Exercise prompt - Please write the listing below out again exactly, leaving every picture behind.

Available data -
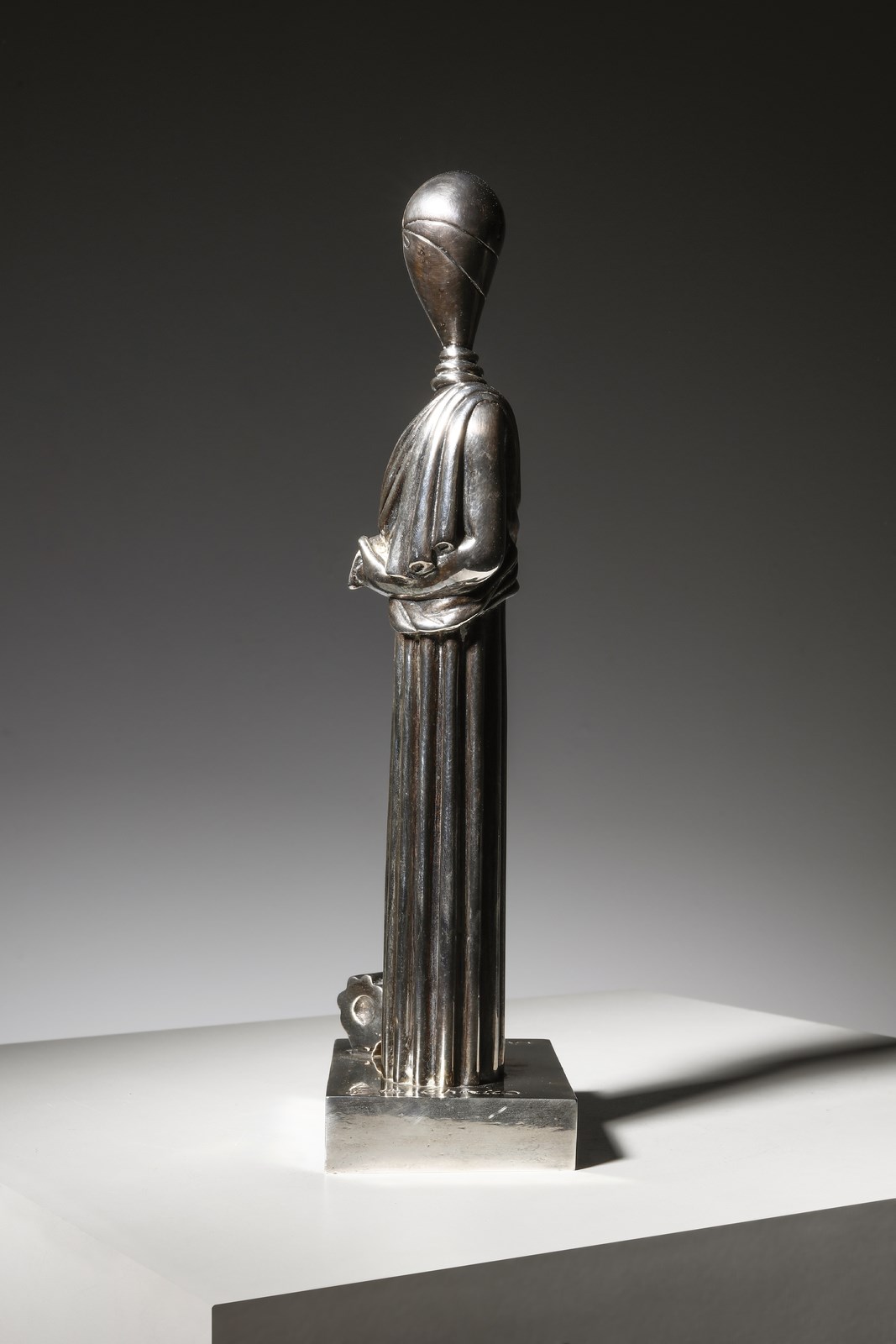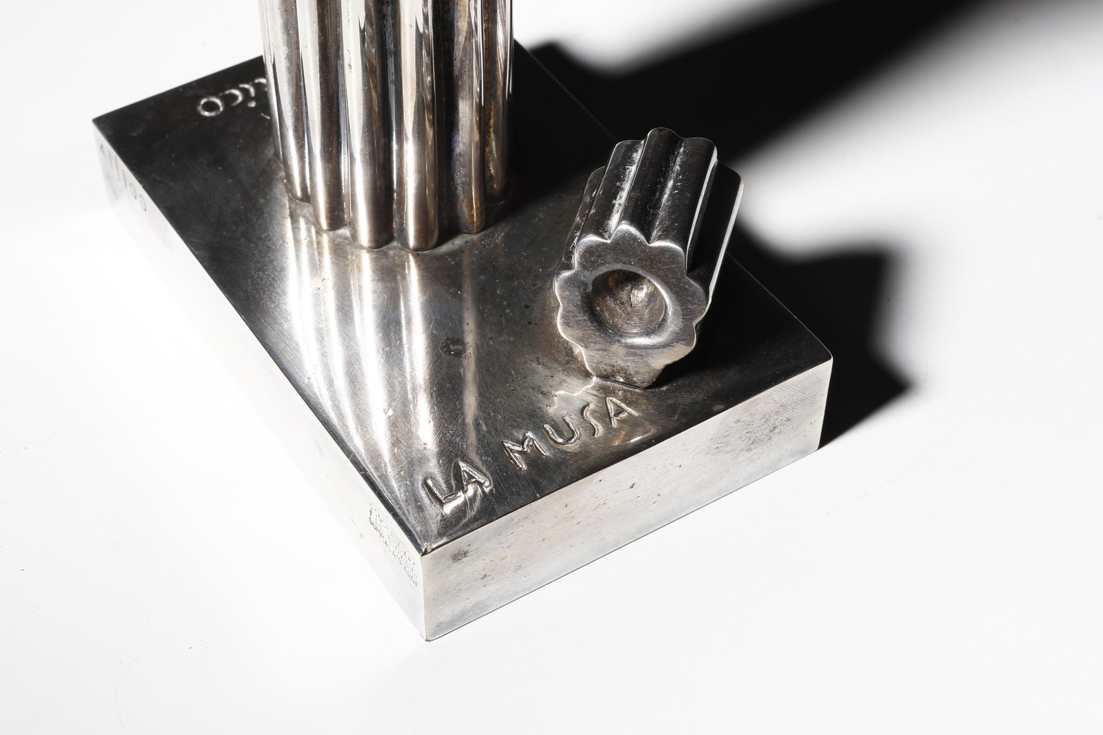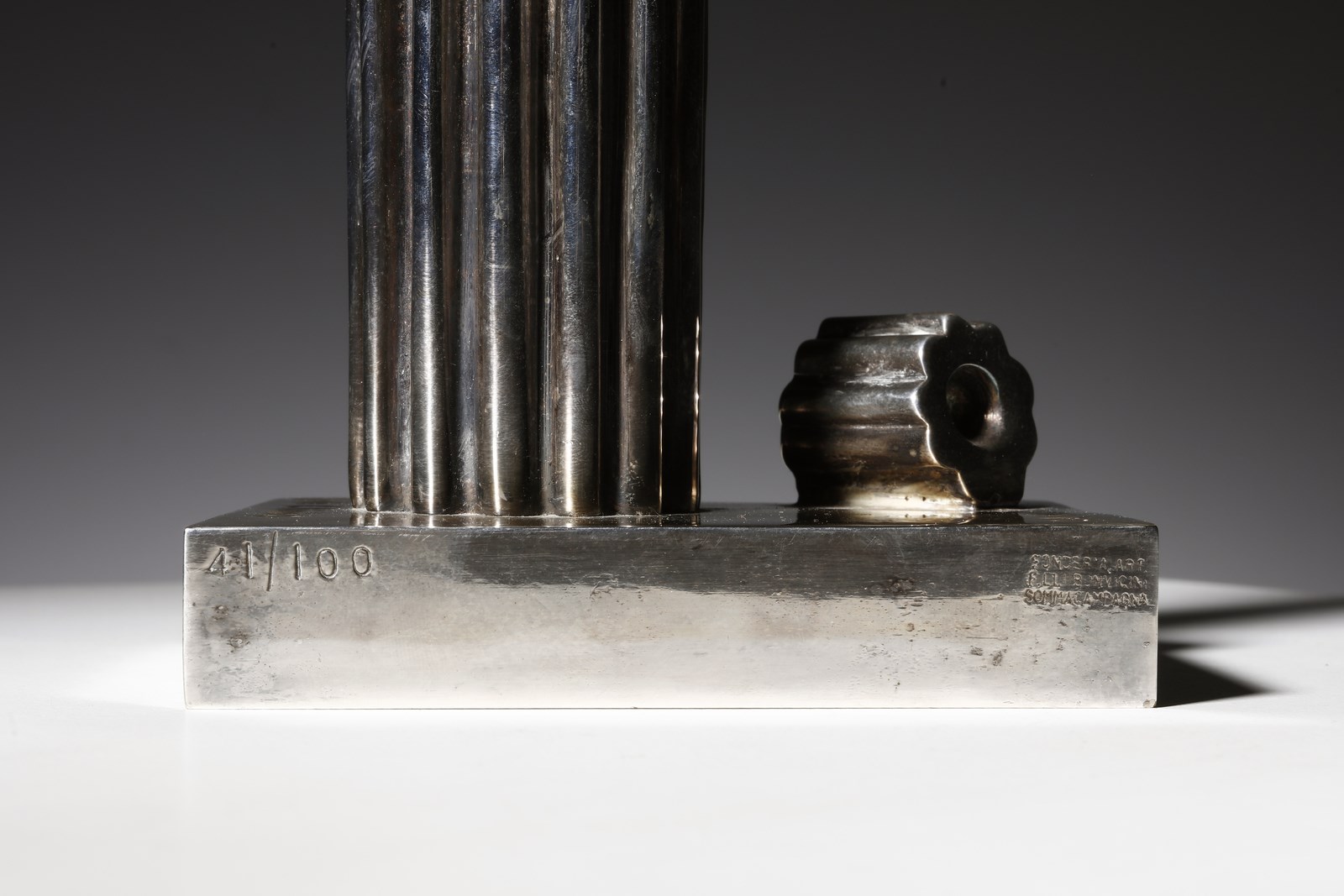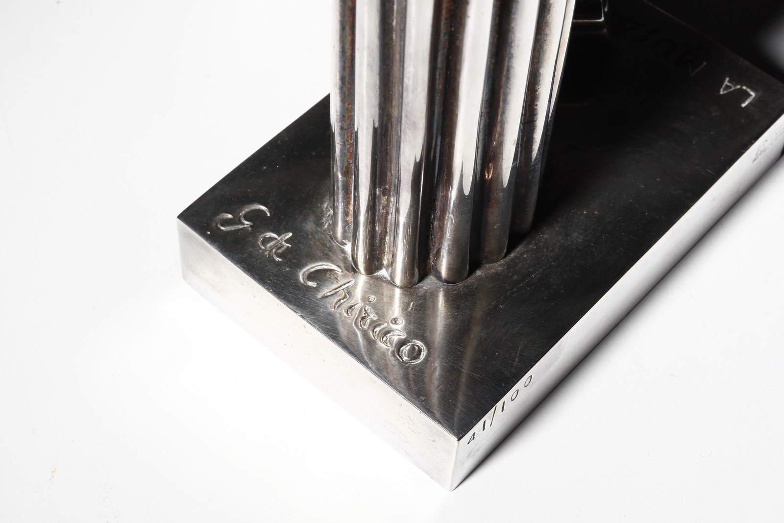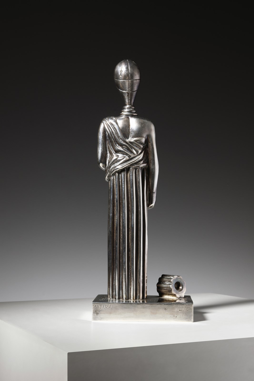 DE CHIRICO GIORGIO (1888 - 1978) Musa con colonna spezzata. 1970. Bronzo argentato. Cm 15,00 x 30,50. 41/100. Titolo, tiratura e firma incisi alla base. La scultura è stata realizzata dalla Fonderia Bonvicini (marchio alla base), Verona, nel 1998 a completamento della tiratura originala su autorizzazione della vedova De Chirico. Confezione originale.
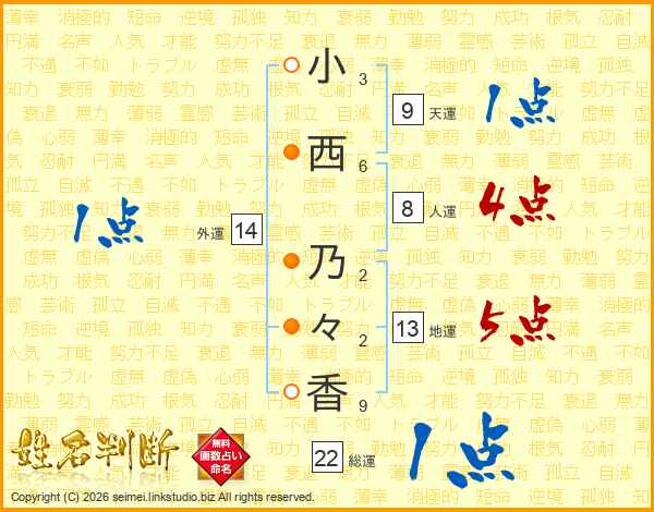 小西乃々香さんの総運は22画の1点!
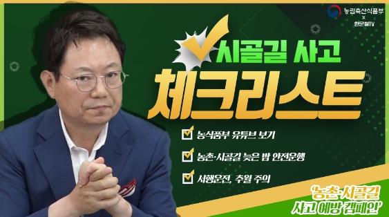 [한국쇼핑몰뉴스, 최영진기자] 농림축산식품부는 여름 휴가철을 앞두고 한문철 변호사가 소개하는 ‘농촌·시골길 사고 예방 캠페인’ 영상 3부작을 공개한다. 해당 영상은 농식품부 유튜브 채널을 통해 7월 22일부터 매주 금요일마다 확인할 수 있다.
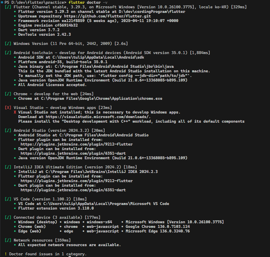 다시 flutter doctor -v를 해보면,
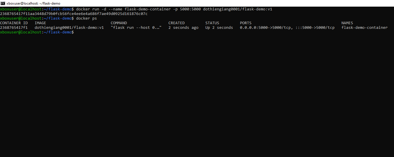 # chạy với tên container tên flask-demo-container qua image dothiengiang0001/flask-demo:v1 docker run -d --name flask-demo-container -p 5000:5000 dothiengiang0001/flask-demo:v1 # kiểm tra container docker ps
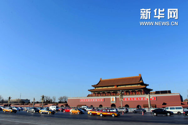 1月31日,北京天安門地區天氣晴好。當日,記者從北京市環保局了解到,2011年1月北京空氣質量天天達標,這是北京市自1998年以來首次出現。新華社記者 公磊 攝
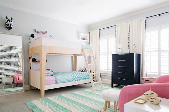 粉色系依然是儿童的最爱。从沙发到床垫,在白色为主色调的前提下,配上浅浅的绿色,穿插悦目的粉色,阳光可以透过落地窗洒进房间,显得明亮而充满朝气。
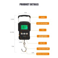 Il s'agit d'une balance numérique suspendue d'une capacité maximale de 75 kg et d'une précision de 10 g. Elle est dotée d'un écran LCD vert rétroéclairé affichant le poids. De couleur noire, elle est dotée d'une poignée pour un transport facile. Sous l'écran, la capacité est indiquée (« 75 kg/10 g »). Un crochet métallique est fixé à la base pour peser des objets tels que des bagages, du poisson ou d'autres objets. Le nom du produit suggère qu'il est également livré avec un mètre ruban de 100 cm. Elle est conçue pour diverses utilisations, notamment la pêche, les voyages et le pesage de bagages.
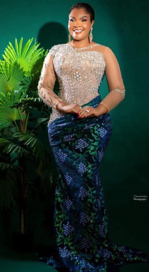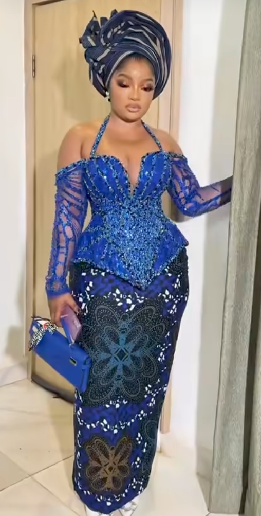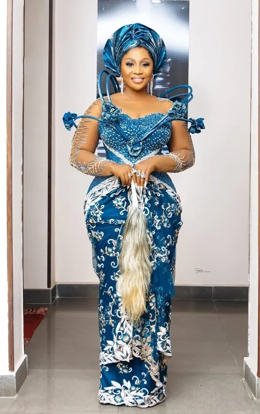 This first look redefines elegance with a royal blue beaded corset bodice paired with sheer, crystal-embellished sleeves. The fitted skirt, adorned with Ankara motifs and layered beadwork, combines traditional African prints with ultra-modern couture. The structured head wrap (gele) adds that extra touch of regal energy.
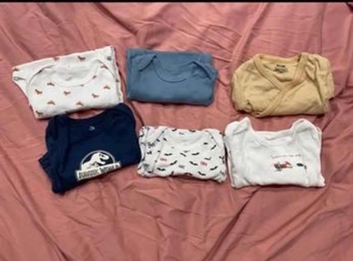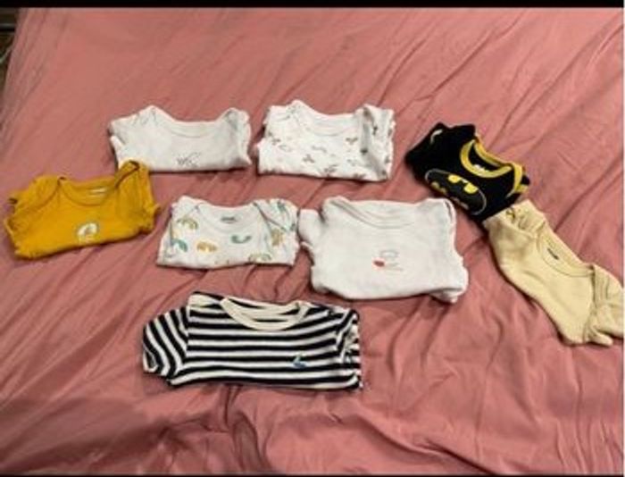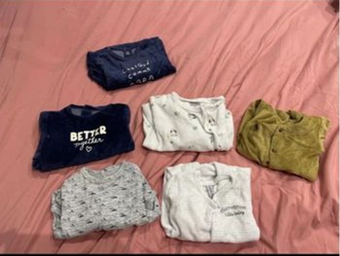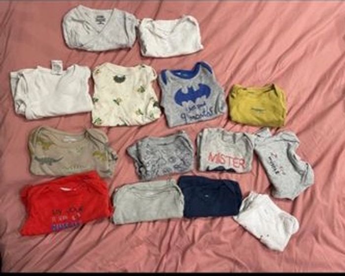 Vêtements 3 mois : -5 tee shorts manches longues - 1 tee shirt manche courte - 20 bodys manches longues - 8 bodys manches courtes - 6 pyjamas - 6 pantalons - 1 pyjama sans pieds - 7 ensembles - 2 gilets - body/tee shirt

Task output -
 DE CHIRICO GIORGIO (1888 - 1978) Musa con colonna spezzata. 1970. Bronzo argentato. Cm 15,00 x 30,50. 41/100. Titolo, tiratura e firma incisi alla base. La scultura è stata realizzata dalla Fonderia Bonvicini (marchio alla base), Verona, nel 1998 a completamento della tiratura originala su autorizzazione della vedova De Chirico. Confezione originale.
 小西乃々香さんの総運は22画の1点!
 [한국쇼핑몰뉴스, 최영진기자] 농림축산식품부는 여름 휴가철을 앞두고 한문철 변호사가 소개하는 ‘농촌·시골길 사고 예방 캠페인’ 영상 3부작을 공개한다. 해당 영상은 농식품부 유튜브 채널을 통해 7월 22일부터 매주 금요일마다 확인할 수 있다.
 다시 flutter doctor -v를 해보면,
 # chạy với tên container tên flask-demo-container qua image dothiengiang0001/flask-demo:v1 docker run -d --name flask-demo-container -p 5000:5000 dothiengiang0001/flask-demo:v1 # kiểm tra container docker ps
 1月31日,北京天安門地區天氣晴好。當日,記者從北京市環保局了解到,2011年1月北京空氣質量天天達標,這是北京市自1998年以來首次出現。新華社記者 公磊 攝
 粉色系依然是儿童的最爱。从沙发到床垫,在白色为主色调的前提下,配上浅浅的绿色,穿插悦目的粉色,阳光可以透过落地窗洒进房间,显得明亮而充满朝气。
 Il s'agit d'une balance numérique suspendue d'une capacité maximale de 75 kg et d'une précision de 10 g. Elle est dotée d'un écran LCD vert rétroéclairé affichant le poids. De couleur noire, elle est dotée d'une poignée pour un transport facile. Sous l'écran, la capacité est indiquée (« 75 kg/10 g »). Un crochet métallique est fixé à la base pour peser des objets tels que des bagages, du poisson ou d'autres objets. Le nom du produit suggère qu'il est également livré avec un mètre ruban de 100 cm. Elle est conçue pour diverses utilisations, notamment la pêche, les voyages et le pesage de bagages.
 This first look redefines elegance with a royal blue beaded corset bodice paired with sheer, crystal-embellished sleeves. The fitted skirt, adorned with Ankara motifs and layered beadwork, combines traditional African prints with ultra-modern couture. The structured head wrap (gele) adds that extra touch of regal energy.
 Vêtements 3 mois : -5 tee shorts manches longues - 1 tee shirt manche courte - 20 bodys manches longues - 8 bodys manches courtes - 6 pyjamas - 6 pantalons - 1 pyjama sans pieds - 7 ensembles - 2 gilets - body/tee shirt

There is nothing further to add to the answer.